= P. and S. v. Poland =

P. and S. v. Poland is a decision by the European Court of Human Rights in which the court ruled that the state of Poland had improperly hindered a 14-year-old girl in Lublin, P., from her right to an abortion. The other plaintiff in the case was S., her mother, born in 1974.

P. had become pregnant in 2008. Polish law allows abortion if the pregnancy is the consequence of a criminal act. In accordance with the law, on 20 May 2008, P. received a certificate from the public prosecutor attesting that she could get an abortion because she was fourteen, and sexual intercourse with minors below the age of fifteen is a crime. P. and S. went to two hospitals in Lublin to have an abortion performed, but the hospitals refused. A gynecologist at one of the hospitals brought her to see a Roman Catholic priest without asking her permission, and the priest urged her not to have an abortion. Following an argument with S., the gynecologist refused to perform the abortion. Hospital officials issued a press release about the case, following which P.'s situation was nationally debated. After her case became publicly known, P. was harassed by anti-abortion activists.

P. and S. then went to a hospital in Warsaw. Doctors there expressed reluctance to perform the procedure, stating that they were under pressure not to do so. P. and S. were then taken in for police questioning, and S. accused of attempting to force P. to have an abortion. P. was then placed in a juvenile shelter, and authorities began proceedings to take custody of the girl away from S. After a complaint by S. to the Ministry of Health, P. was allowed to have an abortion in Gdańsk.

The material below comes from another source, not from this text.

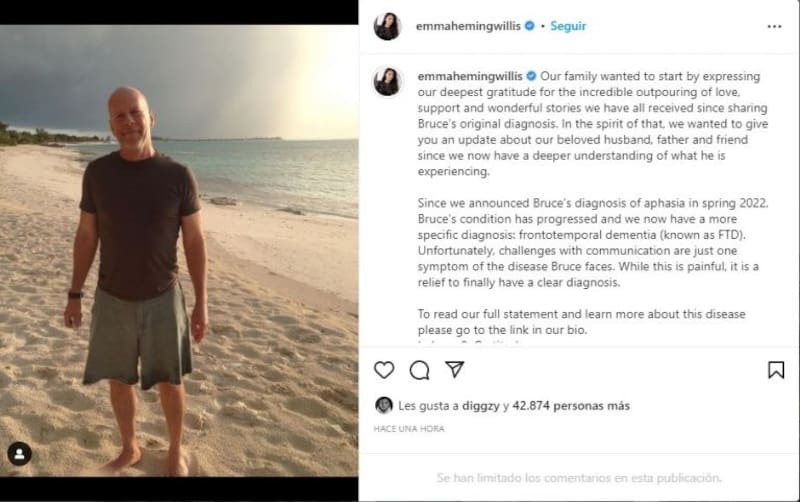 “Hoy en día no existen tratamientos para la enfermedad, una realidad que esperamos pueda cambiar en los próximos años. A medida que avanza la condición de Bruce, esperamos que la atención de los medios pueda enfocarse en arrojar luz sobre esta enfermedad que necesita mucha más conciencia e investigación”, indicó la familia.

The European Court of Human Rights ruled that Poland had violated Article 3 of the European Convention on Human Rights, the "prohibition of inhuman or degrading treatment". The court stated that P.'s difficulties increased due to "the lack of a clear legal framework, procrastination of medical staff and also as result of harassment". The decision went on to note that "[t]he court was particularly struck that the authorities started criminal proceedings for illicit sexual relations against the adolescent who, according to the prosecutor and medical reports, should have been considered the victim of sexual abuse". Poland was ordered to pay €15,000 to P. and €30,000 to S., and €16,000 to each for court costs.

Following the ruling, Amnesty International urged Poland to "take urgent steps to ensure women and girls have full access to sexual and reproductive health". The Irish Times stated that the decision had implications for Ireland, which had a pending case regarding a failure to provide a legal framework for abortion.